Let $\mathfrak{g}$ be a Lie algebra admitting a triangular decomposition $\frak g = N^-\oplus h\oplus N^+$ and $\gamma$ the classic Harish-Chandra isomorphism defined on the center $\frak Z$ of the universal enveloping algebra $\frak U$ of $\frak g$.
On the other hand, for a symmetric pair $(\frak g, k)$, we have the Harish-Chandra homomorphism $\Gamma$ on $\frak U^k$ (centralizer of $\frak k$ in $\frak U$) w.r.t. the Iwasawa decomposition $\frak g = n\oplus a\oplus k$. Specifically, it's the (restricted Weyl vector $\rho$-shifted) projection w.r.t. $\frak U = (nU+Uk)\oplus S(a)$ restricted to $\frak U^k$. (Note this $\gamma$ is the specialization of $\Gamma$ for $(\frak g\oplus g, g)$.)
I believe it's a standard result that these two maps are related via the following commutative diagram: $\require{AMScd}$ \begin{CD} \mathfrak{Z} @>>> \mathfrak{U^k}\\ @V \gamma V V @VV \Gamma V\\ \mathfrak{S(h)} @>>> \mathfrak{S(a)} \end{CD} Here we assume that $\frak h =a+t$ is a Cartan subalgebra extended from $\frak a$. The bottom map is just a projection induced from $\frak a+t \rightarrow a$.

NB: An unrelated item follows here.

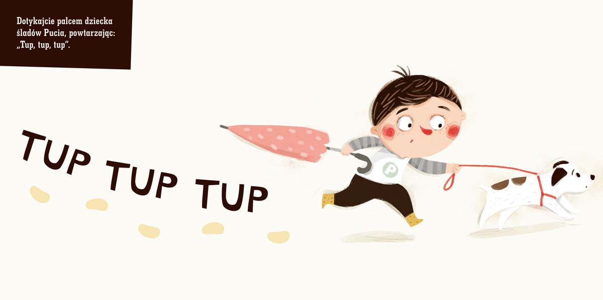 Pucio zaprasza do wspólnej zabawy! Oglądajcie ilustracje i dotykajcie ich, odczytując zapisane na nich dźwięki. Powtarzajcie razem z dzieckiem gesty wykonywane przez Pucia (możecie pomóc maluchowi, kierując jego ręką). Wyraźnie intonujcie i zabarwiajcie emocjonalnie swoje wypowiedzi, bo to zwraca uwagę dziecka i zachęca je do naśladowania.

What might be a good reference for this statement? I've seen Knop's paper https://doi.org/10.2307/2118600 confirming my guess but it is completely beyond my scope (Knop deals with varieties with a $G$-action). This above statement is however purely "Lie algebraic" and shouldn't involve too much rep theoretical machinery to prove.
I'd really appreciate any useful suggestions and references on this "theorem".